[SUPPLIED DATA Boundary: Start]

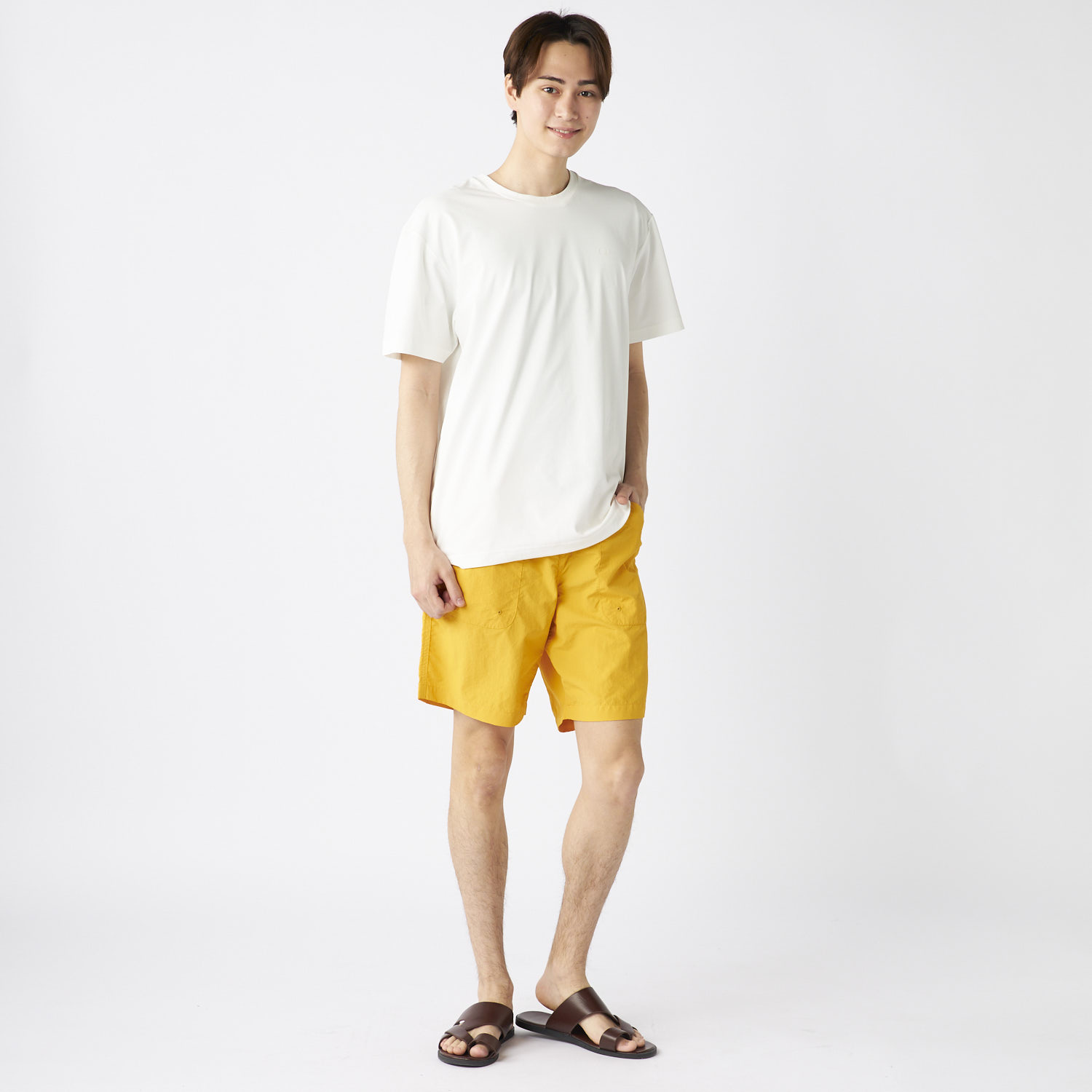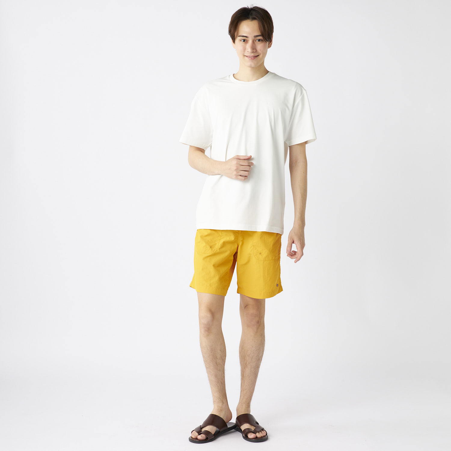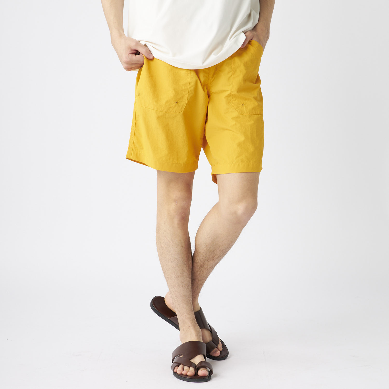 - ナイロン100%の軽量素材にワッシャー加工を施し、カジュアル感とリラックス感を両立! 水陸両用だから、水遊びやアウトドア後もそのまま着用OK。乾きやすくベタつきにくいのも嬉しいポイント。 家族でのお出かけにぴったりな、夏の頼れる万能素材! ■デザイン すっきりとした無地にシワ感がおしゃれなショートパンツ。 ウエストのゴム+ベルト仕様で着脱しやすく調整も楽ちん♪ 両サイド&バックにポケット付きで、手ぶら派のパパにも便利! デイリーでもレジャーでも使いやすいカラー展開です。 ■スタイリング シンプルなTシャツやタンクトップと合わせれば、ゆるっと爽やかなパパコーデに。 キャップやサンダルでレジャー感を思いっきりだしても◎ タウンユースならロゴT×サングラスでちょいワイルドにまとめてもおしゃれになっちゃいます!
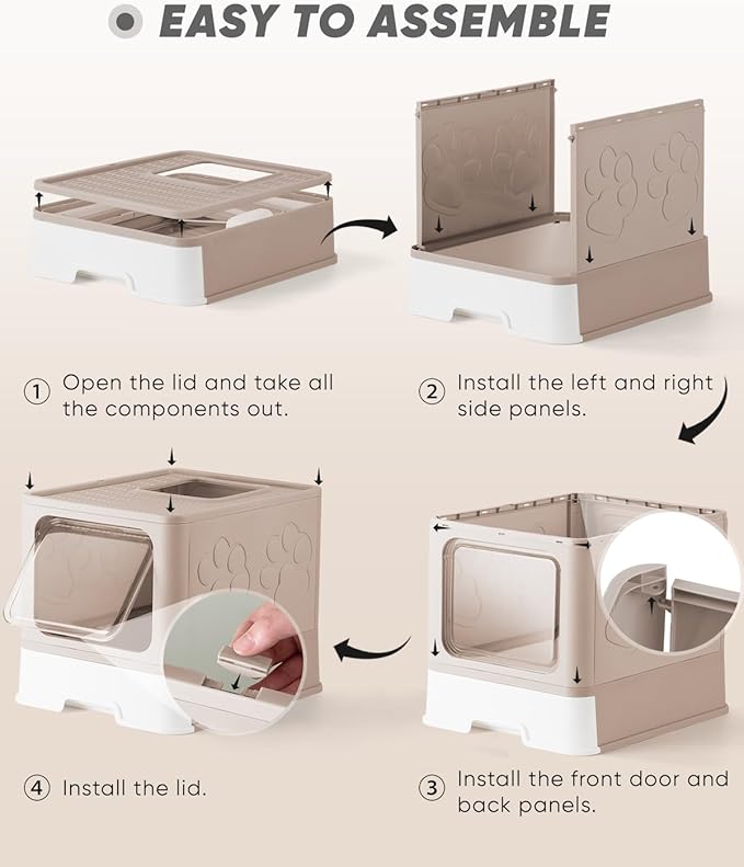 - Foldable and Portable Design: The foldable design of this covered litter box making installation and disassembly simple. When not in use, it can be folded to save space for easy storage.Its lightweight yet easy to carry structure offers more convenience when you want to travel with your cat, while allowing your cat to have a stress free toilet environment anytime and anywhere
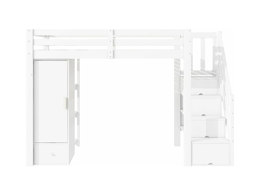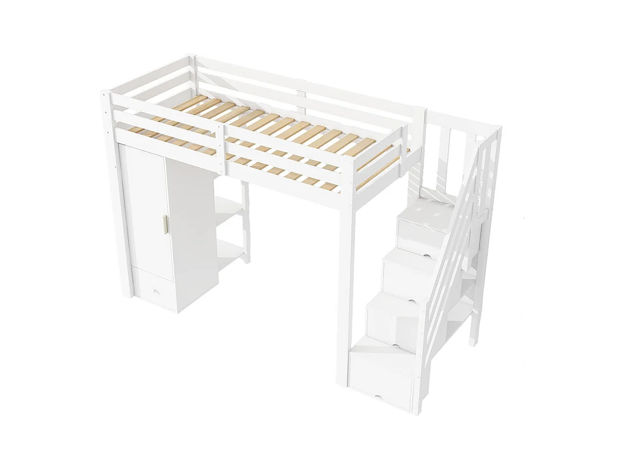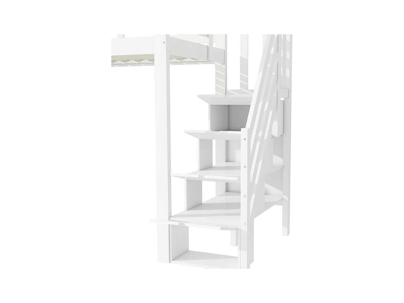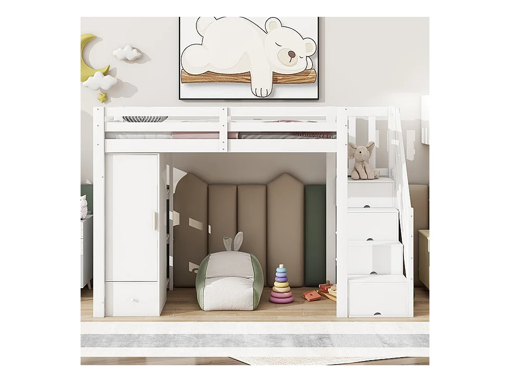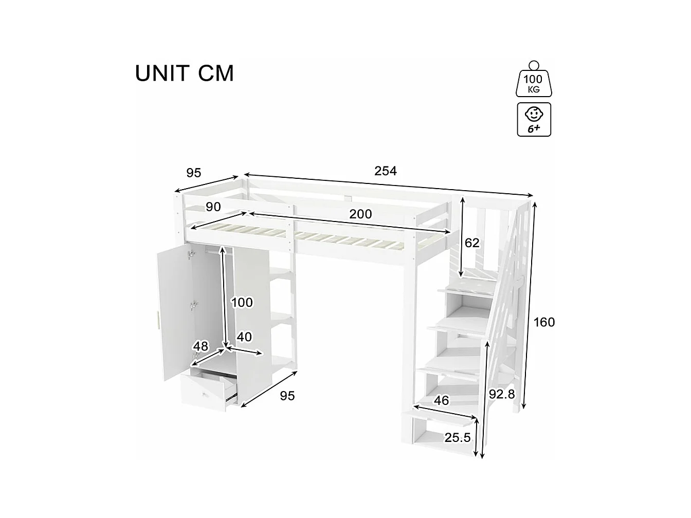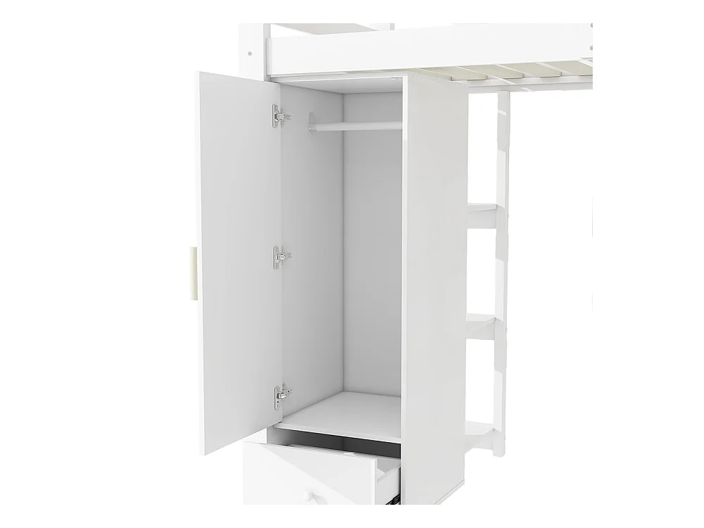 Lit en mezzanine, 90x200 cm, sans matelas, mains courantes, échelle escamotable, tiroirs, armoire, plusieurs étagères, espace combinable libre, blanc
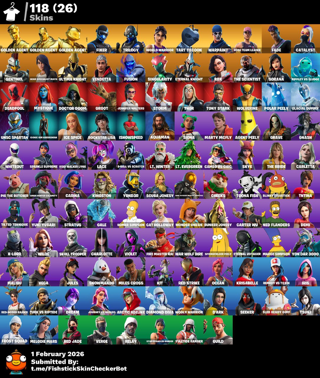 السلام عليكم عندي حساب فورت نايت عرق فيه مضلة ترافس سكوت واسكنات عرق فل اكسس بس ناسي الجيميل تقدر تخ...

[SUPPLIED DATA Boundary: End]

--- TASK INSTRUCTIONS ---
An exact copy of the data above is required, printed without its pictures.

--- WRITTEN ANSWER ---
 - ナイロン100%の軽量素材にワッシャー加工を施し、カジュアル感とリラックス感を両立! 水陸両用だから、水遊びやアウトドア後もそのまま着用OK。乾きやすくベタつきにくいのも嬉しいポイント。 家族でのお出かけにぴったりな、夏の頼れる万能素材! ■デザイン すっきりとした無地にシワ感がおしゃれなショートパンツ。 ウエストのゴム+ベルト仕様で着脱しやすく調整も楽ちん♪ 両サイド&バックにポケット付きで、手ぶら派のパパにも便利! デイリーでもレジャーでも使いやすいカラー展開です。 ■スタイリング シンプルなTシャツやタンクトップと合わせれば、ゆるっと爽やかなパパコーデに。 キャップやサンダルでレジャー感を思いっきりだしても◎ タウンユースならロゴT×サングラスでちょいワイルドにまとめてもおしゃれになっちゃいます!
 - Foldable and Portable Design: The foldable design of this covered litter box making installation and disassembly simple. When not in use, it can be folded to save space for easy storage.Its lightweight yet easy to carry structure offers more convenience when you want to travel with your cat, while allowing your cat to have a stress free toilet environment anytime and anywhere
 Lit en mezzanine, 90x200 cm, sans matelas, mains courantes, échelle escamotable, tiroirs, armoire, plusieurs étagères, espace combinable libre, blanc
 السلام عليكم عندي حساب فورت نايت عرق فيه مضلة ترافس سكوت واسكنات عرق فل اكسس بس ناسي الجيميل تقدر تخ...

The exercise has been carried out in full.